Having gone around Leh for the last one week, I decided to explore new grounds. Leh is a barren, moon-like, high altitude desert. Very little grows here and even the most fantastic views are stark.

In contrast, the Kashmir Valley is as green as they come. Full of chinar trees, flowers of every colour and size and babbling brooks everywhere, Kashmir is the stuff of dreams. However, the chequered past of Kashmir has always prevented too many people from visiting. Though this may sound insensitive, but thanks to the security issues, Kashmir is still largely unspoilt. Things have changed for the better in the last few years. No attacks have been reported in years. Army has slowly withdrawn from the city and has dismantled bunkers. There is still massive presence of the armed forces but the city and the valley is no longer on the tenterhooks.

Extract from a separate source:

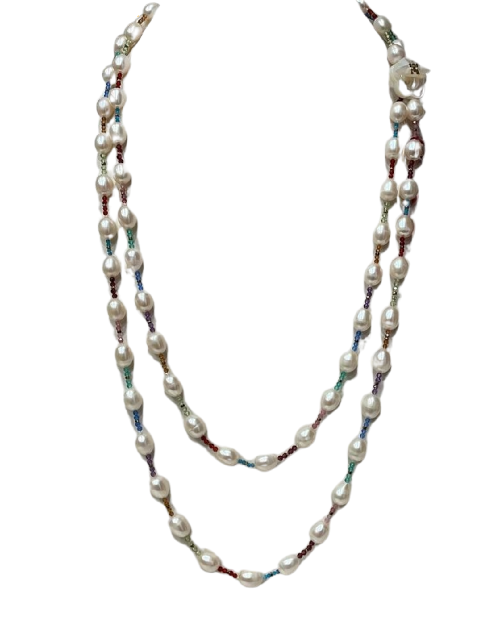 Collar Rajola Cecilia con perlas blancas naturales, turmalina y hematita de colores en azul, rosa, verde Tiffany, naranja y lila. Cuenta con un cierre de gancho de nácar y el logotipo de Rajola en oro amarillo de 18 kt. Su longitud de 138 cm lo hace versátil.
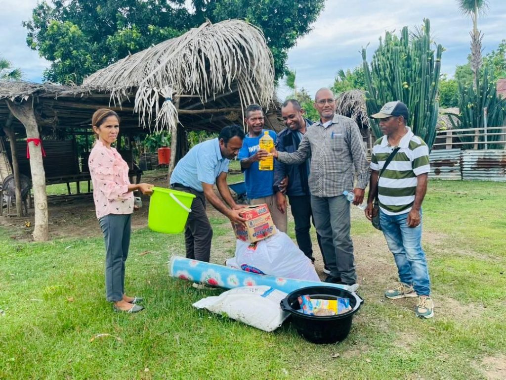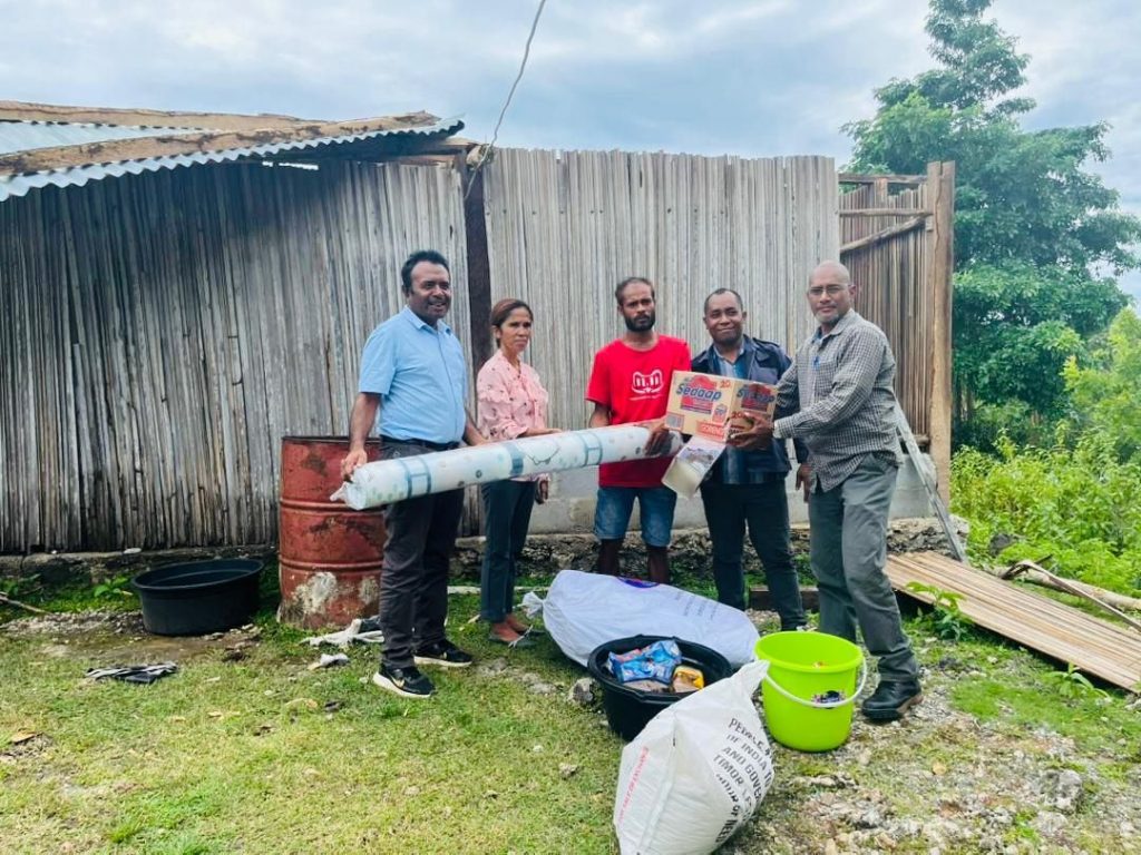 Secretario Munisipal Assunto Sociais e Organizasaun Sr. Agostinho Doutel Sarmento, hamutuk ho Diresaun Servisu Munisipal Dezastre Naturais, Autoridade Protesaun Civil (APC), fo Apoiu Emergensia ba Familia Afeita Dezastre Naturais (Anin-Sobu), Uma- kain 4 iha Postu Administrativu Hato-Udo, Munisipio Ainaro.

To get to Kashmir from Ladakh, one crosses Kargil. A town on the crossroads of the old Silk Route from the middle east to China, Kargil is stamped on the map of India after the Kargil War of 1999 with Pakishtan. Barely a stone's throw away from the international border, Dras is probably the most dramatic stop along the way. A massive, well maintained war memorial stands in the middle of nowhere and overlooks the international border. Sign posts declaring "You are under observation by the enemy" ensue that your journey is never boring.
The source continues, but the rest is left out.